セットしたいもの(例):[包帯・ガーゼ・絆創膏・三角巾]、[手袋・ハサミ・毛抜き、ピンセット]、テーピングテープ、キネシオテープ、ポイズンリムーバー、ジッパー付きポリ袋(手当後のゴミ入れ)、エマージェンシーシート
知っておきたいこと:止血、固定、テーピング、キズの手当ての仕方
(2)バーサライトジャケット
この春に新発売された最軽量のレインウェア。10デニールの極薄生地を使っているそうです。男性Mサイズで217g、収納サイズ6×6×12cm、¥14,600
(3)大型バックパック3モデル
この春にモデルチェンジした軽量バックパック。入口をロールアップ方式にして、トップリッド(いわゆる雨ぶた)を取り外した独特の形式です。トップリッドは別売で、従来のパックのように組み合わせることもできます。さらに、本体にフィットする防水内袋が標準で装備していますので、ほぼ完璧な防水性が期待できそうです。

大田原高山岳部員のブログ2018-03-29

■快晴
 産経新聞の報道記事を見つけて、大田原高校山岳部員(部長)の実名サイトがあることを知りました。
 3月から始めていたらしいです。
 内容は・・・とても良い! ほぼ全面的に共感できます。
 このまま歩んでいってほしい。
 「山の羅針盤」 http://exhibuit.jp/

市民が行う里山の調査活動2018-01-20

■曇
 1月20日(土)、以前フェイスブックに情報が出ていた「モニタリングサイト1000里地調査報告会」というイベントに出席してきました。
 略して「モニ1000里地調査」とは、環境省(生物多様性センター)と日本自然保護協会が連携して運営しているプロジェクトです。
 「モニ1000」全体の調査対象は、日本のさまざまな生態系(高山帯、森林・草原、里地里山、湖沼・湿原、沿岸域、島しょ)で、合計約1020カ所あるそうです(2015年)。そのうち里地里山は約200カ所です。今回のイベントは里地里山対象のもので、本格的な調査を開始した2008年以降、10年の節目を迎えての報告会でした。
 きちんと説明すると長くなりますが、端折って言いますと、モニタリングというのは対象エリアの中でどんな種類の生物がどれくらい生息するかを観察・記録することです。
 「モニ1000」の大きな特徴は、実際の調査活動を各地の市民(団体または個人)が担当していることです。里山保護活動を行ってきた団体が多いようですが、ほかにも、地域企業、博物館・動物園、公園管理事務所、大学・高校の研究活動のように、さまざまな主体が調査に関わっているそうです。それらと連絡調整を行う事務局は日本自然保護協会内にあります。
・調査員は、モニタリング調査を実施しデータを提供します。
・事務局は、マニュアルを提供し、説明会や調査講習会を行い、調査内容を統一化します。
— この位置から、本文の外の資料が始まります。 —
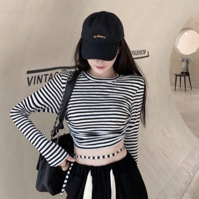 Super Popular Striped Korean Style Loose Round Neck Ins Short Sleeve T-shirt

また、集まったデータを解析しさまざまな形で還元します。
・自治体、企業、地域NPO、博物館または大学、地権者、地域住民などからは、さまざまな協力を得られる可能性があります。
・環境省はプロジェクト全体をバックアップします。

モニ1000里地調査の体制図

 会場には目測150人ほどの出席者が集まって、親密な雰囲気の中にも活気がありました。
 そして、しだいに勘の鈍い私でも、「これは相当コアな人々の集まりなのだな……」と思えてきました。実際に調査活動をしている人たちに加えて、大学や諸団体の研究者などがほとんどではないでしょうか? 私のようなフリーの参加者は相当影が薄かったように思います。
 それでも、第1部の基調講演2題(2時間)、第3部の調査事例紹介3題(1時間25分)、すべて貴重なお話でおもしろかったです。
 特に基調講演の2番目(帝京科学大学・江田慧子さん)で、地道な調査研究を続けてゆくだけでなしに、地域企業との連携、各地の調査研究チームとのコラボ、地権者や農業経営者などを巻き込んでゆく手法、子どもの環境教育への展開など、周囲の人と社会にどんどん働きかけて動かしてゆくという提案は、とても大事なところをついていると思いました。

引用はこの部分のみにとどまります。